Para se entender a filosofia de Stanley Cavell é imprescindível entender a importância


da filosofia da linguagem ordinário para o seu itinerário filosófico. Neste pequeno ensaio
pretendo apresentar a resposta cavelliana frente a duas objeções do filósofo Benson Mates a
filosofia da linguagem ordinária. A primeira, diz respeito à adequação do método empregado
pelos filósofos da linguagem ordinária para resolver problemas filosóficos. A segunda, diz
respeito a natureza das implicações das declarações dos filósofos da linguagem ordinária. O
ensaio está organizado de modo a apresentar cada objeção seguida da sua respectiva resposta
cavelliana.
Primeira Objeção
O método da Filosofia da linguagem ordinária é tipicamente um procedimento que
lida com problemas filosóficos apontando para palavras que estão sendo usadas de forma não
padrão, ao mesmo tempo que restaura o emprego ordinário delas. Restaurar o emprego
ordinário das palavras nada mais é do que: primeiro, apontar para instâncias do que é
ordinariamente dito pelo o “homem comum” e, segundo, quando necessário, propor
explicações do que é implicado performaticamente pela instância do que é ordinariamente
dito (HAMMER, p 4).

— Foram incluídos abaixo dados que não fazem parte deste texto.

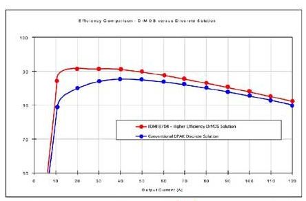 對于更大的電流,為了讓熱量擴散到更大的表面上,多相的分立式解決方案(如2-3個DrMOS器件) 是首選。另一個權衡是開關頻率―如果不是因EMI要求或空間限制而預先確定 (利用更高的開關頻率來減小無源元件的尺寸),更低的開關頻率有助于降低開關損耗,并最終降低溫度。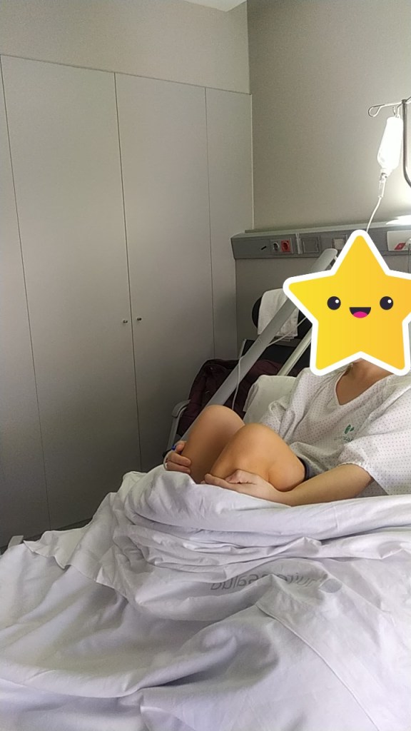 15/01/2020 me fui al hospital para hacer el ingreso. Sobre las 12:30 un pelín más, me bajaron a la sala de espera de quirófanos. Allí estuve hasta las 3 de la tarde esperando a que me pasaran. Por lo que se ve hubo un par de urgencias bastante complicadas, y eso retrasó unas cuantas operaciones. Pasé a la habitación donde te cambias para esperar que venga el celador a llevarte a quirófano. Esta vez estaba mi pareja y mi madre conmigo y yo la verdad un poco «acojonada», pero con una sonrisa de oreja a oreja.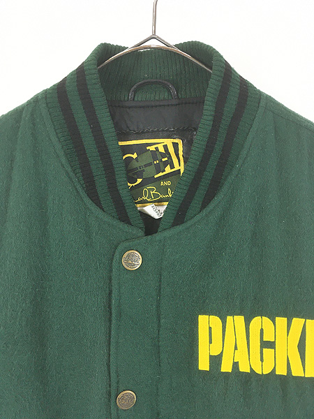古着 90s NFL Green Bay Packers パッカーズ パデット ウール スタジャン ジャケット L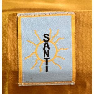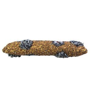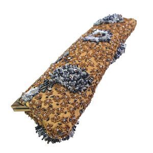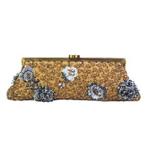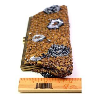 VINTAGE Santi BROWN GOLD CANVAS BEADED BEIGE BLUE WHITE FRAME KISS LOCK MEDIUM CLUTCH

O “homem comum” deve ser compreendido como equivalente ao que
“nós normalmente dizemos quando”. Mates, contudo, entende que o método da filosofia da
linguagem ordinária é inadequado para tratar de questões filosóficas. Para sustentar seu ponto
ele parte do desacordo entre Ryle e Austin sobre quais situações é apropriado usar a palavra
“voluntário”. De acordo com Mates, tal desacordo é sintomático da inadequação do método
da filosofia da linguagem ordinária. No que se segue apresento o desacordo seguido da
objeção de Mates.
Para Ryle os filósofos tradicionalmente usam a palavra “voluntário” de forma
não-ordinária e, portanto, permitem que obscuridades, tais como o problema da liberdade do
querer, emerjam. Segundo Ryle, caso atentemos para o uso ordinário dessa palavra essas
obscuridades são dissolvidas. Com relação ao uso da palavra “voluntário” nós apenas a
usamos em circunstâncias excepcionais. Circunstâncias em que faz sentido culpar ou não
uma pessoa, ou seja em circunstâncias que uma ação não deve ser feita (MATES, p 162).
Nessas circunstâncias excepcionais existe a dificuldade em atribuir responsabilidade a uma
pessoa, pois essa atribuição depende de julgarmos se o seu ato foi voluntário ou involuntário.

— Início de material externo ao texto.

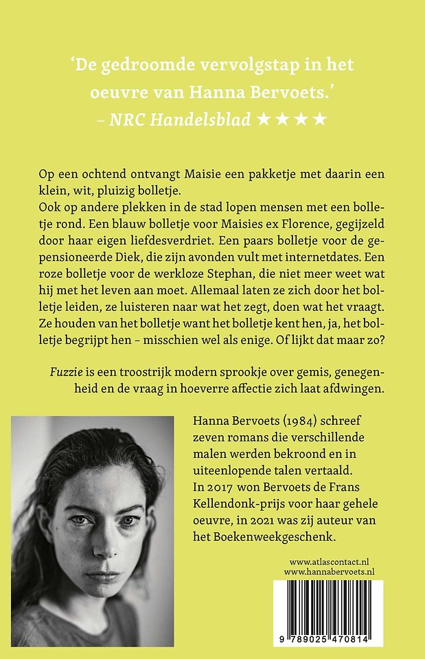 In ‘Fuzzie’ van Hanna Bervoets ontvangt Maisie op een ochtend een pakketje met daarin een klein, wit, pluizig bolletje. Ook op andere plekken in de stad lopen mensen met een bolletje rond. Een blauw bolletje voor Maisies ex Florence, gegijzeld door haar eigen liefdesverdriet. Een paars bolletje voor de gepensioneerde Diek, die zijn avonden vult met internetdates. Een roze bolletje voor de werkloze Stephan, die niet meer weet wat hij met het leven aan moet. Allemaal laten ze zich door het bolletje leiden, ze luisteren naar wat het zegt, doen wat het vraagt. Ze houden van het bolletje want het bolletje kent hen, ja, het bolletje begrijpt hen – misschien wel als enige. Of lijkt dat maar zo?

No entanto, a generalidade dos filósofos desconsidera essas circunstâncias excepcionais e
amplia uso da palavra “voluntário” para além do uso ordinário, para cobrir, por exemplo,
ações meritórias. Ryle entende que essa ampliação é o que origina obscuridades relacionadas
ao “problema da liberdade do querer” e que podem justamente serem evitadas caso se atente
aos limites do uso ordinário de “voluntário”. Faz sentido, por exemplo, dizer de uma criança
que ela foi responsável por quebrar a janela, mas não que ela foi responsável por terminar seu
dever de casa em um ótimo tempo (MATES, p 162).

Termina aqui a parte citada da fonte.